# Differentiation equations with a power tower

I'm given that $$x^{{mx}^{mx}...} = y^{{my}^{my}...}$$

I should find $$\frac {dy}{dx}$$.

How do I start? Is there any way to simplify this? For example, do the extra exponents stop mattering after some point (in the same, can we say something like: this is only true if $$x = y$$? (I'm just guessing -- I'm not really claiming that this is the case).
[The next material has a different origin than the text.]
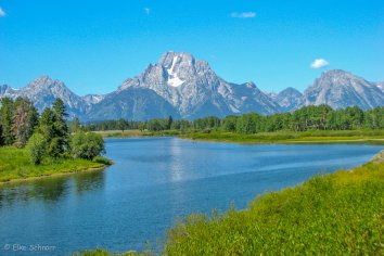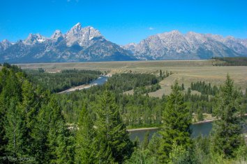 An unserem zweiten Tag im Grand Teton Park haben wir den Taggart Lake auf dem Programm. Zunächst fahren wir aber noch auf dem Scenic Drive entlang des Snake Rivers und genießen die tollen Aussichten auf das Bilderbuchpanorama der Tetons.

As it is an infinite series, inserting of deleting a term doesn't make any difference.

So,

$$x^{{mx}^{mx}...} = y^{{my}^{my}...}$$

$$(x^{{m)x}^{mx}...} = (y^{{m)y}^{my}...}$$

Taking $$log$$ on both sides

$$log[(x^{{m)x}^{mx}...}] = log[(y^{{m)y}^{my}...}]$$

$$x^{mx^{mx...}}log[x^m] = y^{my^{my...}}log[y^m]$$

As, $$x^{{mx}^{mx}...} = y^{{my}^{my}...}$$, cancelling it from both sides,

$$log[x^m] = log[y^m]$$

$$mlog(x) = mlog(y)$$

$$log(x) = log(y)$$

$$x = y$$

Thus, $$\frac{dy}{dx} = 1$$